Fredric Smoler, in an extended article, agreed on the need to be firm in our response, disdaining halfway measures and economic sanctions. He also wrote: “If we end by setting up a new regime anywhere, it is not likely to be nearly as successful, or as long-lived, as the postwar regimes of Germany, Japan, and Italy have been. This will be sad for its citizens but will not necessarily make the exercise worthless.” John Lehman, too, advocated toughness and cautioned that the Commander in Chief “cannot depend on the sprawling bureaucracy to produce the plans and operations to carry out this campaign.”

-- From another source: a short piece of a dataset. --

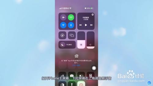 打开iPhone主屏幕,下拉屏幕右上角调出悬浮窗,在悬浮窗里面点击打开家庭。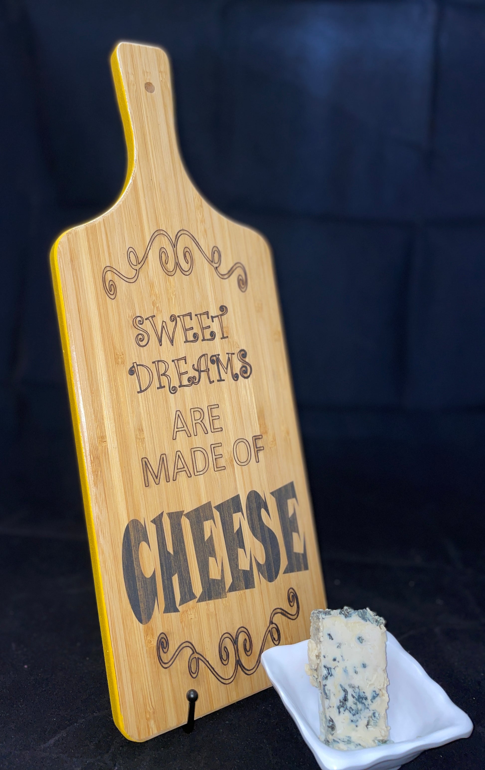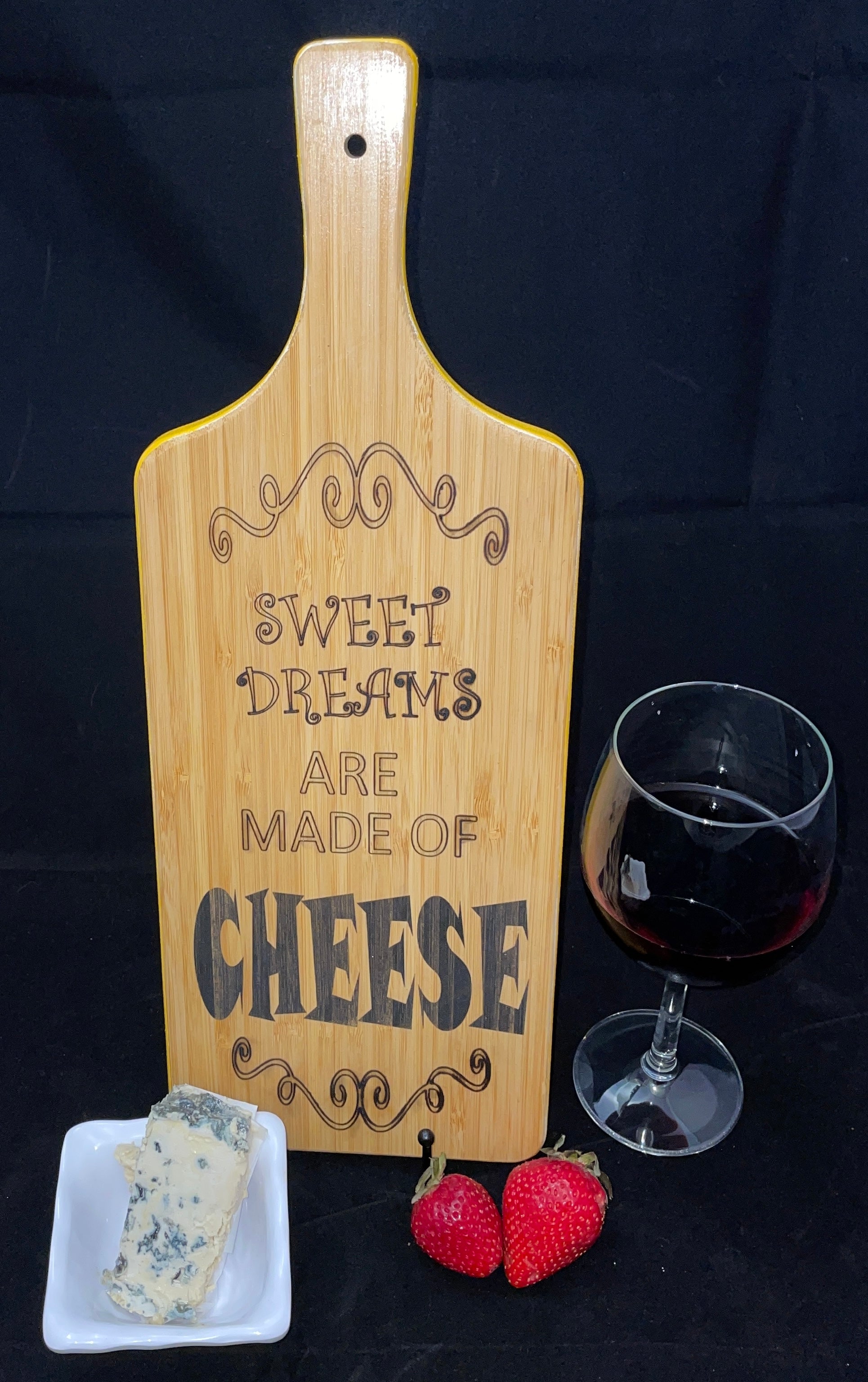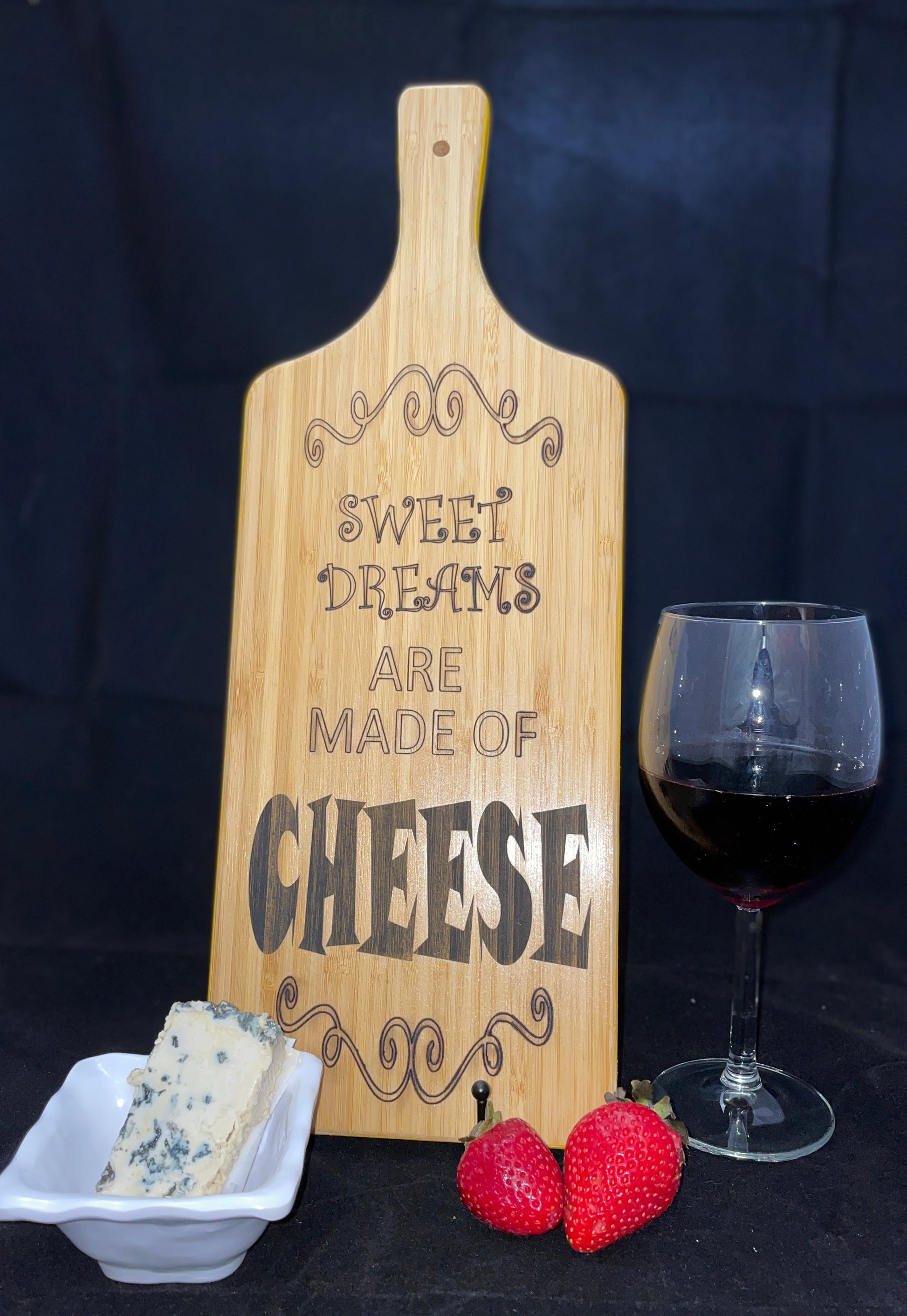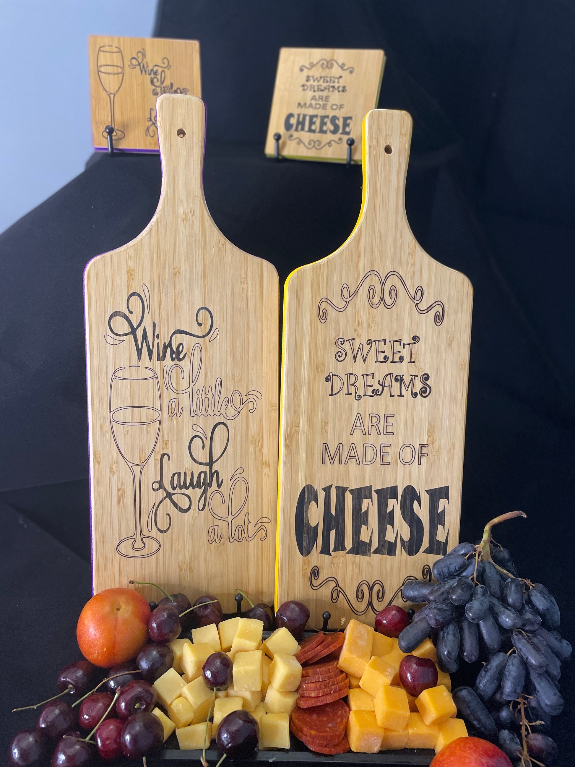 Each 16-inch natural bamboo board is precisely laser printed on one side with a unique design that is sealed with food-grade clear coat for a lifetime of display and use. The blank side comes pre-cured, and serves as handy presentation for charcuterie, cheeses or small treats.

The most common theme among our panel of historians was that the American people are strong and determined because they are free. Frederick Allen and Joshua Zeitz developed this idea in separate articles, the former concentrating on our technological and economic resources and the latter on our time-honored civil liberties. Kevin Baker made similar points in a column that focused on New York City, while Nathan Ward recalled how the metropolis and the nation recovered after the vicious and deadly Wall Street terrorist bombing of 1920.
Almost all our commentators agreed that if America could stay determined, it would win the war. Perhaps that was true, or perhaps it had cause and effect reversed, and we’ll stay determined only if we seem to be winning. The answer is being decided right now in Iraq—a place to which none of our commentators imagined the war spreading when they gave us their first impressions six years ago.
—Frederic D. Schwarz is a senior editor of American Heritage magazine.